A panel of health advisors to the Centers for Disease Control and Prevention voted Thursday unanimously that adults seeking boosters should go with Pfizer-BioNTech or Moderna vaccine rather than Johnson & Johnson vaccine.
The Advisory Committee on Immunization Practices voted 15-0 that the mRNA vaccines are “preferred” to the J&J vaccine because they’re the safest and most effective vaccines.
CDC Director Rochelle Walensky is expected to decide whether to adopt the panel’s advice as agency policy later today.
Johnson & Johnson’s COVID-19 vaccine has been linked to rare forms of blood clotting.
Researchers with the CDC last month found people who got the Johnson & Johnson (J&J) shot were more likely to experience the syndrome when compared to people who got a Moderna or Pfizer COVID-19 vaccine.

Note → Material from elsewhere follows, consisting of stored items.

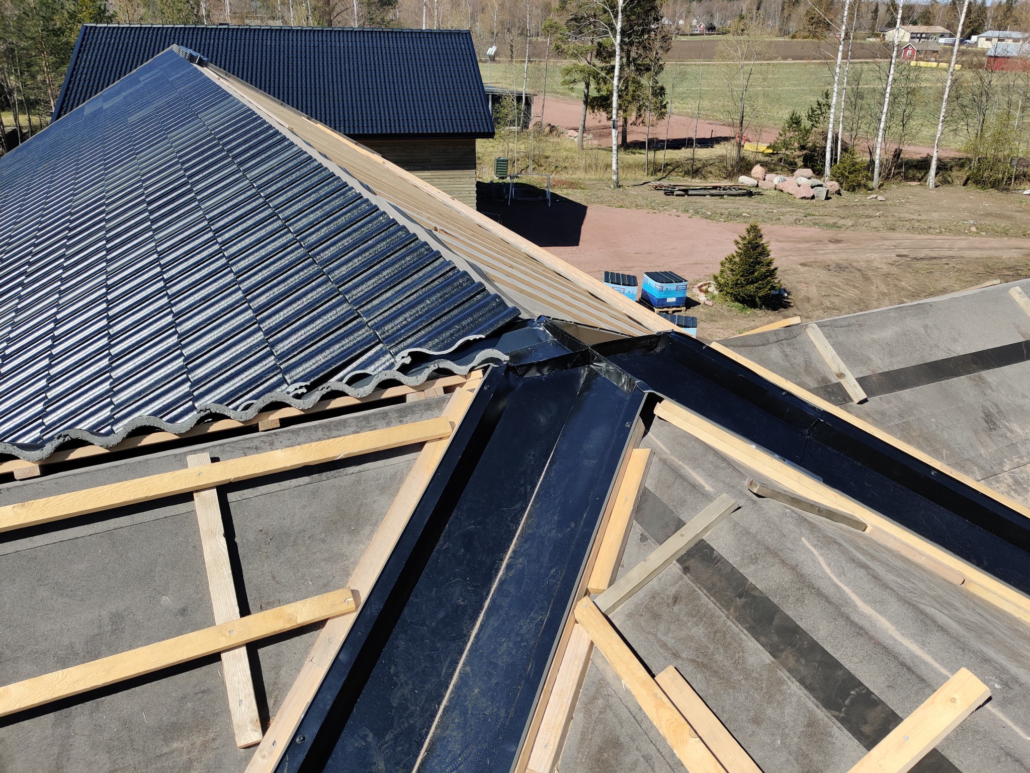 Fick hit en kompis som är före detta plåtslagare i lördags och han fixade ihop alla ränndalsplåtar i nocken. Han hade aldrig gjort det förut så jag visade en bild jag googlat fram och för att ha varit första gången han gjorde det utan tillgång till alla verktyg han egentligen velat ha så tyckte jag det blev riktigt bra. Det ska ju ändå täckas av pannor...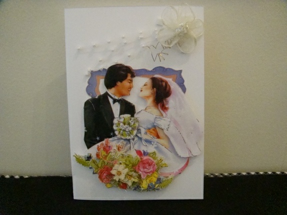 Kortet er preget og pyntet med perlepynt,metall tråd og silkeblomst. Konvolutt følger med.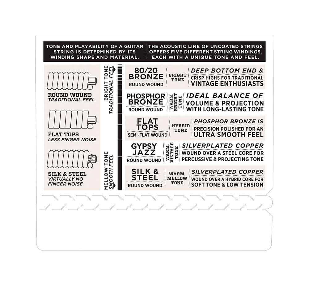 Ces cordes Flat Top sont profilées de façon à réduire le bruit des glissements de doigts sur les cordes. Elles sont idéales pour le picking ou les sessions d'enregistrement.
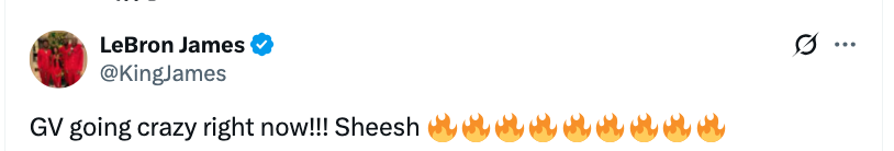 文森特的火热状态,也引起了詹姆斯的注意,后者更新社媒写道:“GV(文森特)要疯了。”
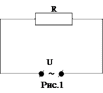 На рис.1 изображена электрическая схема включения активного сопротивления к источнику переменного напряжения. Пусть известен закон изменения напряжения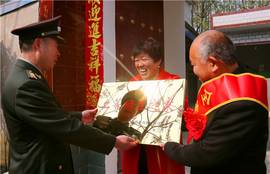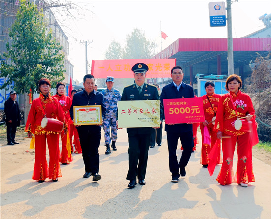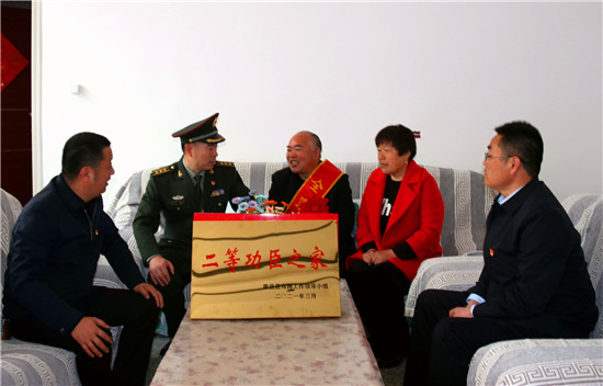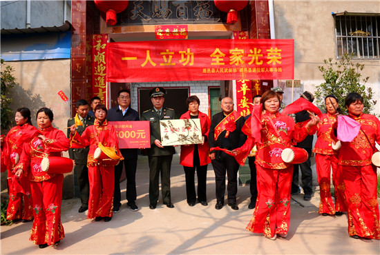 李峰說:“一張立功喜報,不僅是軍人榮譽的象征、成長進步的見證,也承載著軍人家屬的期盼與慰藉。功臣是實現(xiàn)強軍興軍目標的尖兵,他們在部隊建功立業(yè),我們力所能及服務(wù)保障好他們的家人,積極在全社會營造起‘功臣受愛戴、軍人受尊崇、軍屬受尊敬’的氛圍。”為此,鹿邑縣人武部積極構(gòu)建軍人軍屬榮譽體系,每逢重大節(jié)日,都要協(xié)調(diào)地方黨委、政府開展為現(xiàn)役軍人和軍屬送喜報,掛功臣匾、光榮牌等活動,通過活動激勵等形式,讓軍人軍屬享有更多的“專屬榮光”,努力營造“一人參軍,全家光榮;一人立功,全村光榮”的濃厚氛圍,更加堅定了軍屬支持子女獻身國防的決心,進一步激發(fā)了鹿邑籍官兵獻身軍營、報效祖國的積極性。②9

The reporting rate to the Vaccine Adverse Event Reporting System (VAERS), a system run by the CDC and the FDA, was 3.55 per million doses administered for the Johnson & Johnson vaccine, compared to 0.0057 per million doses administered after one of the other vaccines.
The rate was the highest among women aged 30 to 39.
Dr. Naomi Wolf, a Rhodes Scholar and former Clinton Administration advisor, joined Steve Bannon on The War Room to explain why: The NIAID doesn’t hold the patents of the J&J vaccine.1
Naomi Wolf: Moderna and Pfizer have been trying to sideline Johnson&Johnson partly because as Rob Kennedy will tell you, the stakeholders at the NIAID don’t have a patent on and don’t make money on the J&J vaccine. So they want it out of the marketplace. It’s not the first time they’ve said, “Oh that bad J&J vaccine.” …Anyone who’s looked at VAERS and saw the thousands of blood clots and thrombotic events, strokes, thrombotic events, for Pfizer and Moderna as well as J&J, knows this is absolute ludicrisy.